The problem: Would you repeat the listing exactly but omit every picture?

Extracted information:
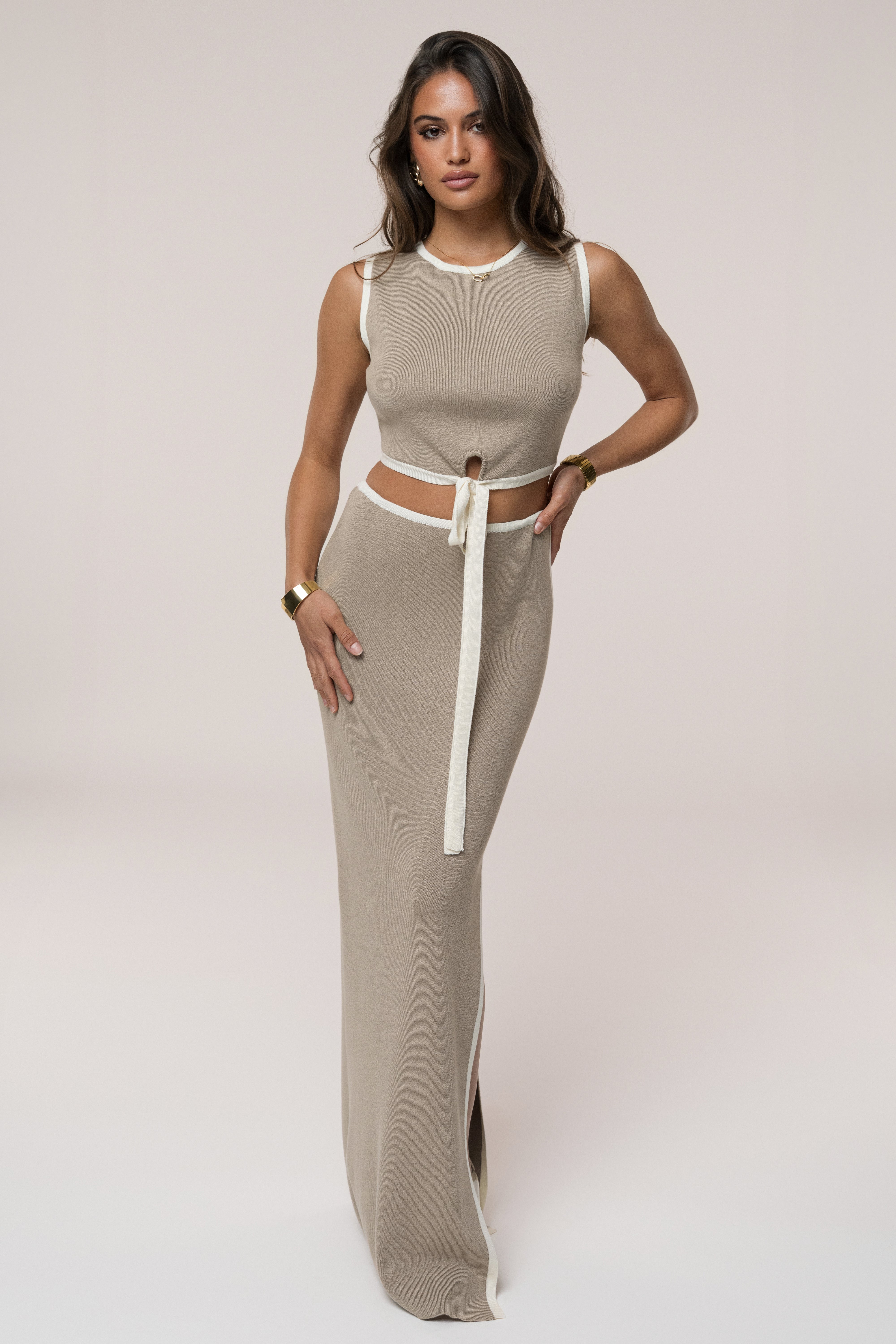 Channel seaside sophistication with our Taupe/Cream Anora Skirt Set, designed for summer and beyond. The sleeveless crop top features refined white trim, a subtle front cutout, and a front tie detail that adds a touch of playful elegance. Paired with a high-waisted, form-fitting maxi skirt, accented by white side trim and a sleek side slit, this set is both versatile and contemporary.
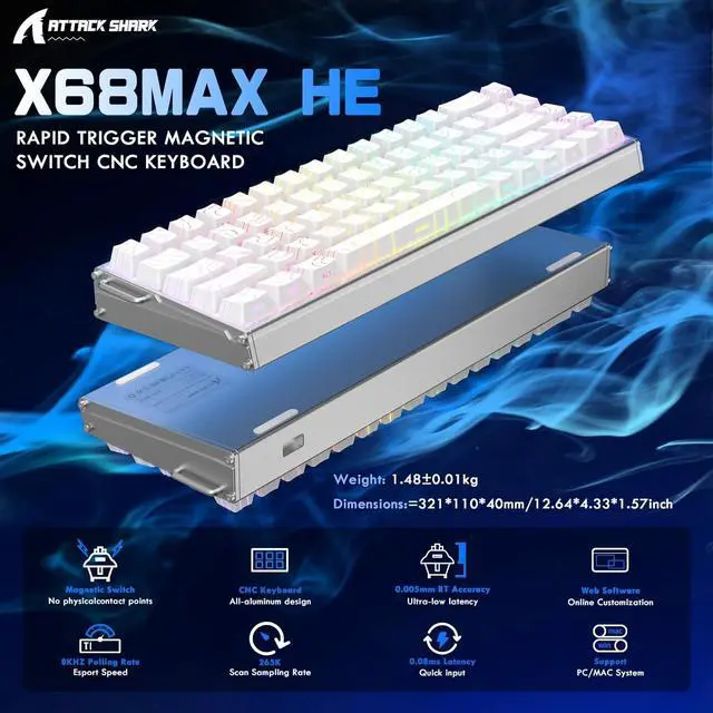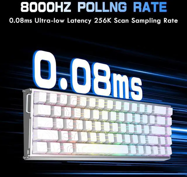 256KHz Scan Rate & 0.08ms Latency Powered by a custom high-frequency eSports chip, the X68MAX gaming keyboard features a 256,000Hz scan rate and true 8000Hz Polling Rate. Achieve lightning-fast 0.08ms latency-nearly 12.5x faster than traditional mechanical keyboards-for the ultimate edge in tournament-level play.
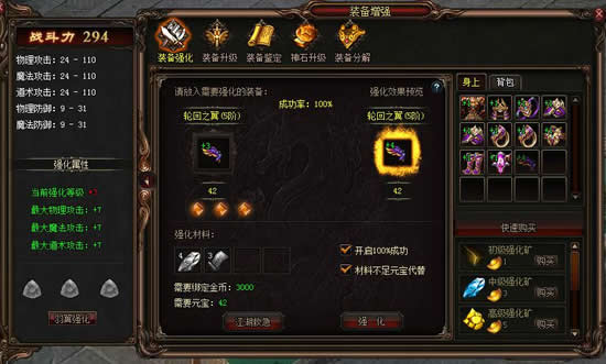 羽翼还可以像普通装备一样进行强化,获得更强悍的属性加成:
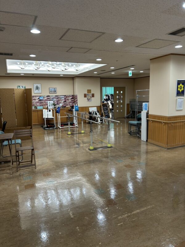娘様ご夫婦も付き添わなければならない為、施設のリクライニング車椅子をみずべの苑に
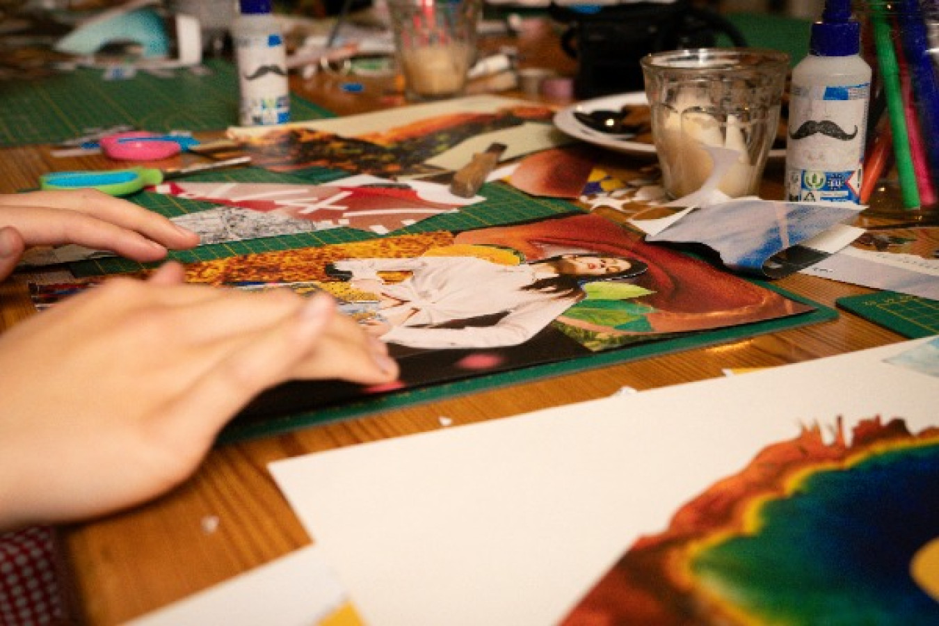 Collages maken in een groep zorgt voor verbinding tussen de mensen, makkelijker in gesprek gaan en je eerder open durven te stellen naar een ander toe. Dit kan tot hele mooie dialogen en natuurlijk kunstwerken leiden.

Solution:
 Channel seaside sophistication with our Taupe/Cream Anora Skirt Set, designed for summer and beyond. The sleeveless crop top features refined white trim, a subtle front cutout, and a front tie detail that adds a touch of playful elegance. Paired with a high-waisted, form-fitting maxi skirt, accented by white side trim and a sleek side slit, this set is both versatile and contemporary.
 256KHz Scan Rate & 0.08ms Latency Powered by a custom high-frequency eSports chip, the X68MAX gaming keyboard features a 256,000Hz scan rate and true 8000Hz Polling Rate. Achieve lightning-fast 0.08ms latency-nearly 12.5x faster than traditional mechanical keyboards-for the ultimate edge in tournament-level play.
 羽翼还可以像普通装备一样进行强化,获得更强悍的属性加成:
娘様ご夫婦も付き添わなければならない為、施設のリクライニング車椅子をみずべの苑に
 Collages maken in een groep zorgt voor verbinding tussen de mensen, makkelijker in gesprek gaan en je eerder open durven te stellen naar een ander toe. Dit kan tot hele mooie dialogen en natuurlijk kunstwerken leiden.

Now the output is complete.